SUPPLIED MATERIAL
▼

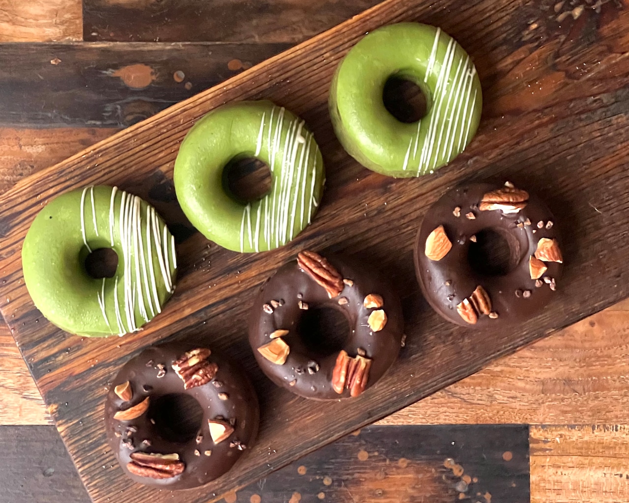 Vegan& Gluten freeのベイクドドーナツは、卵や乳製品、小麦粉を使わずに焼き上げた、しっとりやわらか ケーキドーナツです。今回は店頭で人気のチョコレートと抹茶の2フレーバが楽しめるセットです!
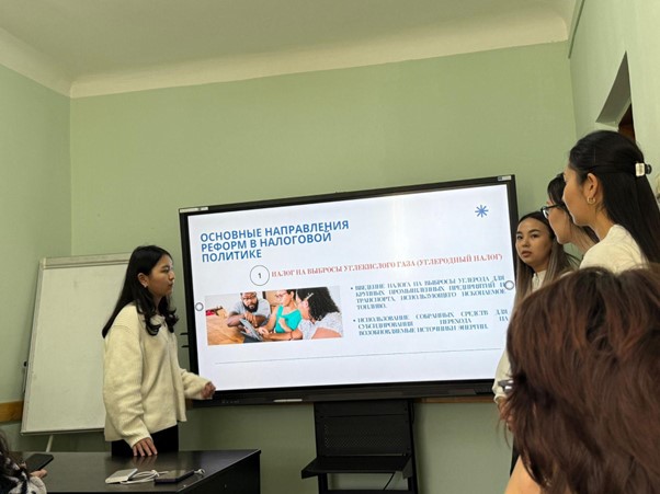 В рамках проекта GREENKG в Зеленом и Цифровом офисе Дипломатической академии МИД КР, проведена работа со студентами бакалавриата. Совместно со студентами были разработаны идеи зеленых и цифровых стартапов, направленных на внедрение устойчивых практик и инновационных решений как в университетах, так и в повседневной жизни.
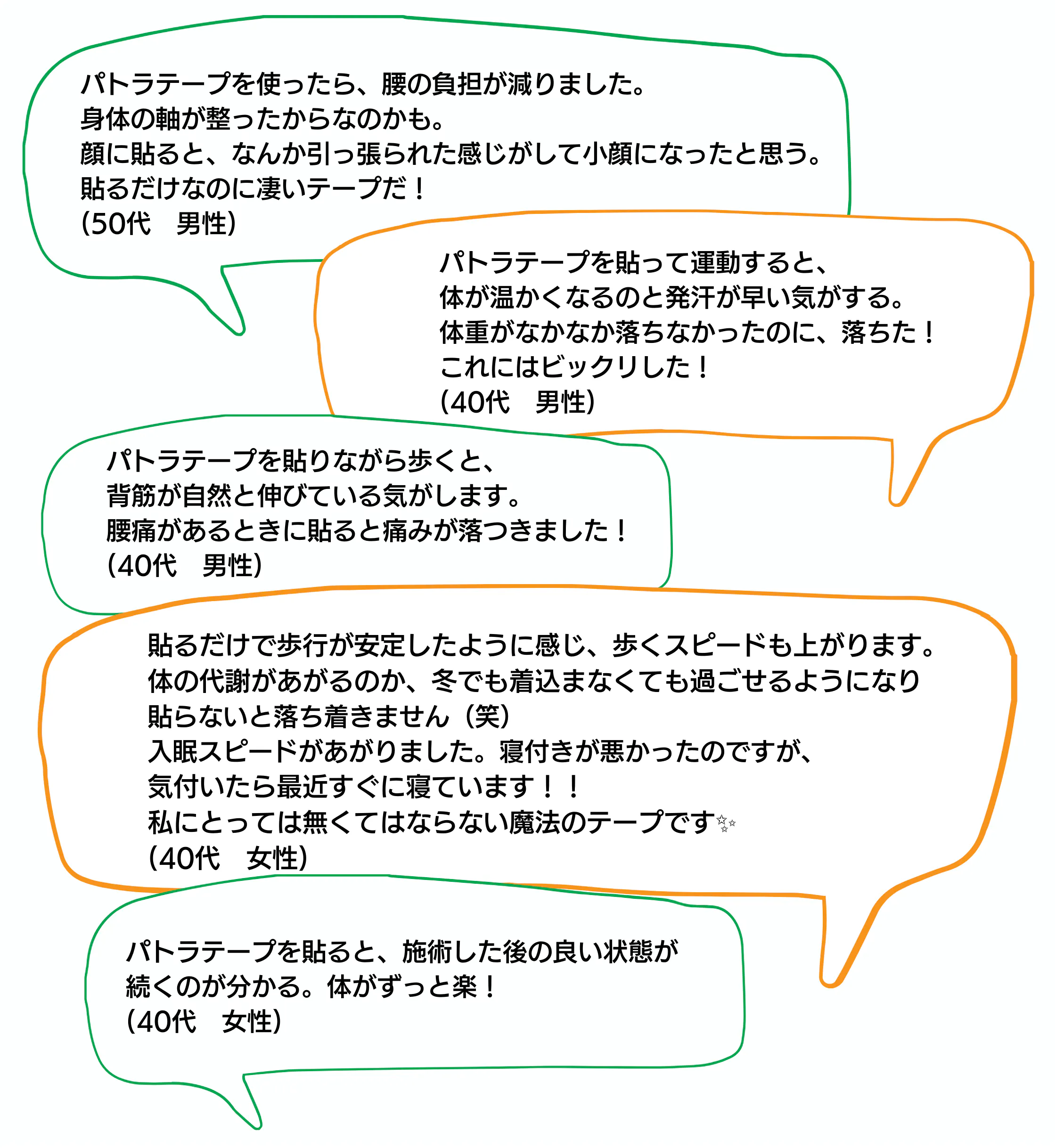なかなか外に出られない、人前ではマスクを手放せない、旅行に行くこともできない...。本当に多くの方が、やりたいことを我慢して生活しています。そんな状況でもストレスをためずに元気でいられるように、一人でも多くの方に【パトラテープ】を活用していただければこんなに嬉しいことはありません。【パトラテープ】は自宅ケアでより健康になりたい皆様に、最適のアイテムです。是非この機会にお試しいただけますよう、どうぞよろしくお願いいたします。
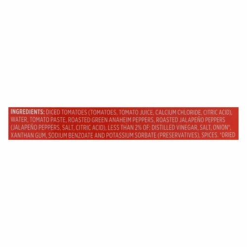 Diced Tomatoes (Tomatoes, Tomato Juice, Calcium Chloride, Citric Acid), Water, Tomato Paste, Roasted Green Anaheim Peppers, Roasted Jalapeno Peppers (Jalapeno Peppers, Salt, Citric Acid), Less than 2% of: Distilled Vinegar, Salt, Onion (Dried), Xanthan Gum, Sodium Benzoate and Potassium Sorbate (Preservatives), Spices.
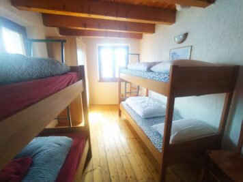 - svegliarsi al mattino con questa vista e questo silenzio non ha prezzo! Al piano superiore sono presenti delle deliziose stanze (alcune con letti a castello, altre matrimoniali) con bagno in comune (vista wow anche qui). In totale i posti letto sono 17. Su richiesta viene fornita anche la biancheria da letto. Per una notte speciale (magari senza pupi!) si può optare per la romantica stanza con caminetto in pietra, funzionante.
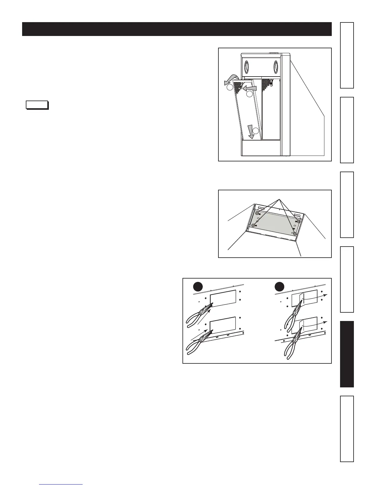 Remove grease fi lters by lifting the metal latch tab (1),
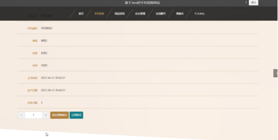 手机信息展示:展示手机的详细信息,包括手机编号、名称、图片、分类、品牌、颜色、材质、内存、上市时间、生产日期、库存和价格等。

▲
▼

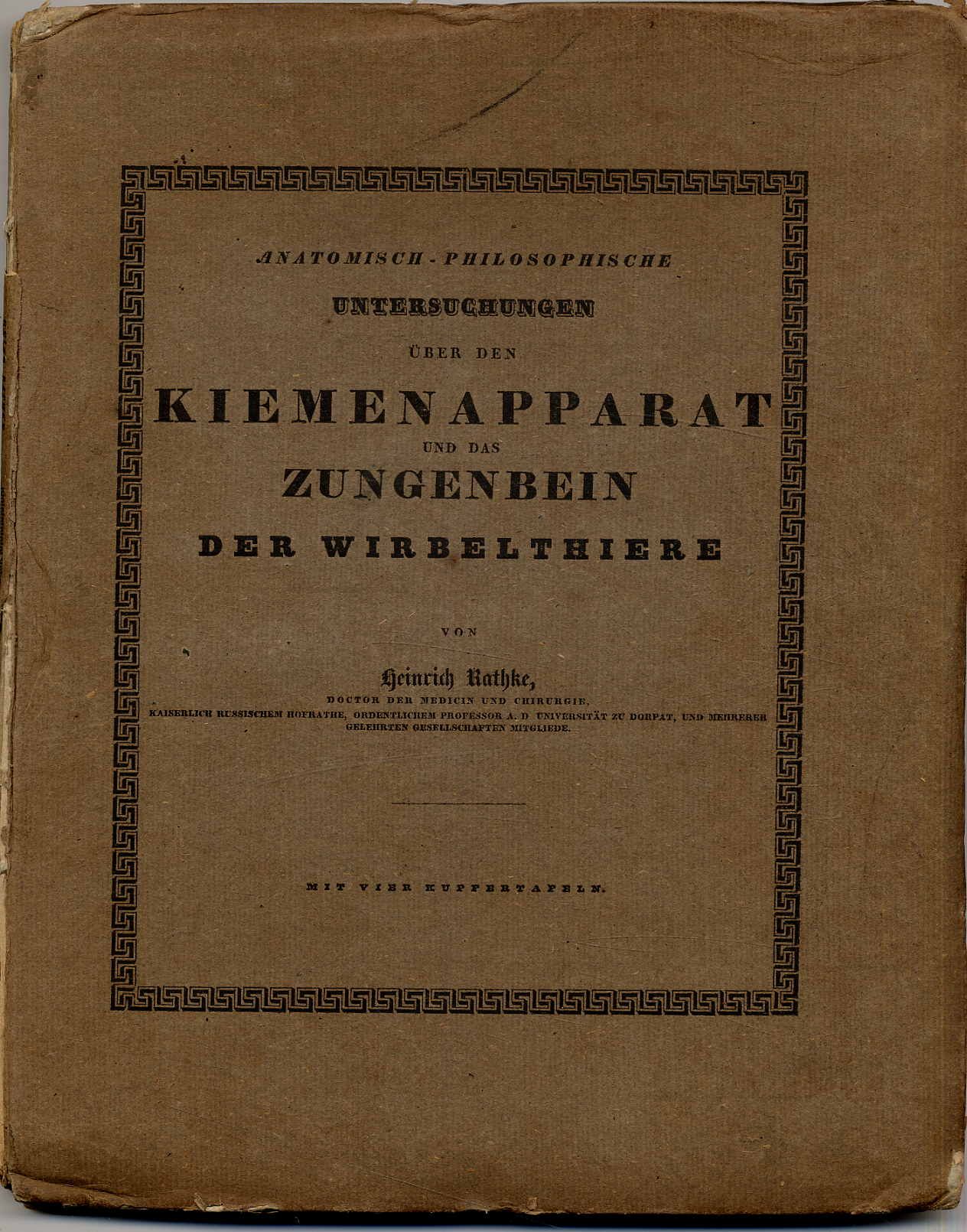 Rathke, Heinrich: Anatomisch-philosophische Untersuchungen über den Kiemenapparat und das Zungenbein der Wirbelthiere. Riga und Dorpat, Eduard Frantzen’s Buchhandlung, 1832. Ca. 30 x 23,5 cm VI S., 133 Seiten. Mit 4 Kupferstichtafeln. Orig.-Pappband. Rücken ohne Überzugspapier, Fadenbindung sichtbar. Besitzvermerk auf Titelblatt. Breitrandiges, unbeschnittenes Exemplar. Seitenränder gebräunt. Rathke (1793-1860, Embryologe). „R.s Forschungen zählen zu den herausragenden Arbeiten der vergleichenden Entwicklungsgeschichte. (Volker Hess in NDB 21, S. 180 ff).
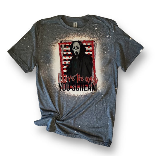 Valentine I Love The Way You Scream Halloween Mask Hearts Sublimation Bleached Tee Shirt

▲
▼

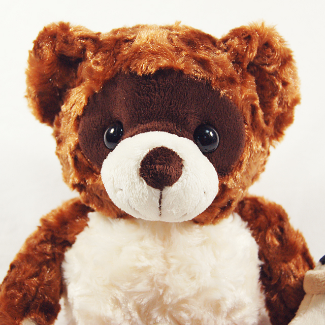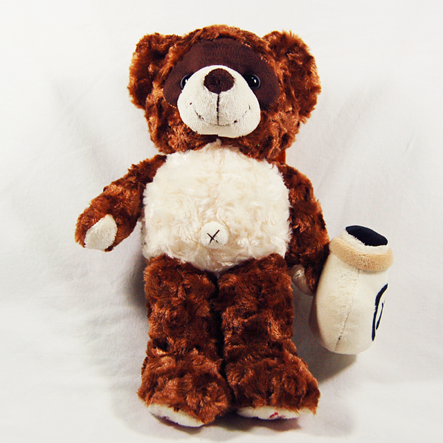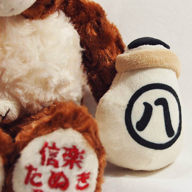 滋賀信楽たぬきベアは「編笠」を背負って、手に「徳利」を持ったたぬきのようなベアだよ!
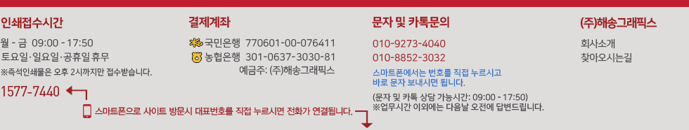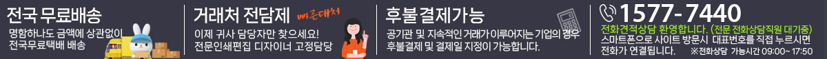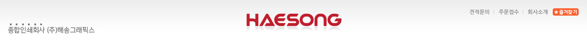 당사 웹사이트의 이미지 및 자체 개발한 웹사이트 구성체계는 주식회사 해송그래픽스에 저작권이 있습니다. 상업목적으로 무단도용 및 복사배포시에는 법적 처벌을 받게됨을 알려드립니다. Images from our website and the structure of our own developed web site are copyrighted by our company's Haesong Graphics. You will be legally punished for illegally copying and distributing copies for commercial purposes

▲

EXERCISE
Go down the entries above from the line containing "В рамках проекта" to the line containing "Diced Tomatoes (Tomatoes, Tomato" and write out each line exactly, leaving pictures out.

WRITTEN RESPONSE
 В рамках проекта GREENKG в Зеленом и Цифровом офисе Дипломатической академии МИД КР, проведена работа со студентами бакалавриата. Совместно со студентами были разработаны идеи зеленых и цифровых стартапов, направленных на внедрение устойчивых практик и инновационных решений как в университетах, так и в повседневной жизни.
なかなか外に出られない、人前ではマスクを手放せない、旅行に行くこともできない...。本当に多くの方が、やりたいことを我慢して生活しています。そんな状況でもストレスをためずに元気でいられるように、一人でも多くの方に【パトラテープ】を活用していただければこんなに嬉しいことはありません。【パトラテープ】は自宅ケアでより健康になりたい皆様に、最適のアイテムです。是非この機会にお試しいただけますよう、どうぞよろしくお願いいたします。
 Diced Tomatoes (Tomatoes, Tomato Juice, Calcium Chloride, Citric Acid), Water, Tomato Paste, Roasted Green Anaheim Peppers, Roasted Jalapeno Peppers (Jalapeno Peppers, Salt, Citric Acid), Less than 2% of: Distilled Vinegar, Salt, Onion (Dried), Xanthan Gum, Sodium Benzoate and Potassium Sorbate (Preservatives), Spices.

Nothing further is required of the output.